Pontiac High School is receiving global attention for its efforts to save endangered species

Local News

PONTIAC, Ill. — A Central Illinois school is getting global attention after years of working to save animals.

For the past 6 years students in Paul Ritter’s Pontiac Township High School class have been treating animals by saving them from going extinct. 

Recently they turned their attention to alligator snapping turtles, and because of those efforts they have been nominated for the Indianapolis prize.

“They (alligator snapping turtles) were endangered, there were no more left in Illinois,” said Senior, Lauren Durham. “We got them when they were babies, and we have been raising them until they are old and big enough to be released into the wild.”

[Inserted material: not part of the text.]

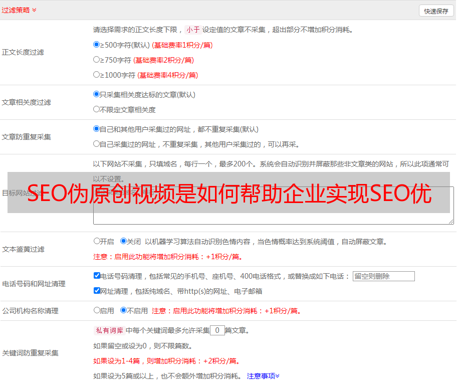 最后,SEO伪原创视频也能够帮助企业快速实现SEO优化。通过SEO伪原创视频表明关键词、标题、描述、标签、图片、URL等因素,可以很好地帮助该品。

The Indianapolis Prize is a biennial award that shines a spotlight on anyone in the world doing what they can to protect endangered species.

“To know that your kids are global game changers,” said Ritter. “That is the greatest feeling in the world.”

The students are being nominated for their work to reintroduce the snapping turtles to their natural habitat. If Ritter’s class wins it gets a $250,000 prize, but he says, just being recognized is reward enough. 

“Kids want to be heard,” said Ritter. “They want to know that what they are doing means something and is making a difference, and being recognized for the indy prize just gives them the feed back that “hey, keep rocking and rolling because this is going to be good.”

Although this is Lauren Durham’s last year, she says she plans to take what she’s learned to the next level.

“I want to go into something science related, like what mr. Ritter does,” said Durham. “I think it’s just preparing me even more for what’s ahead and i am very excited.”

Ritter and his class are one of 31 nominees worldwide in line for this award. They will know if they win it in September of 2020.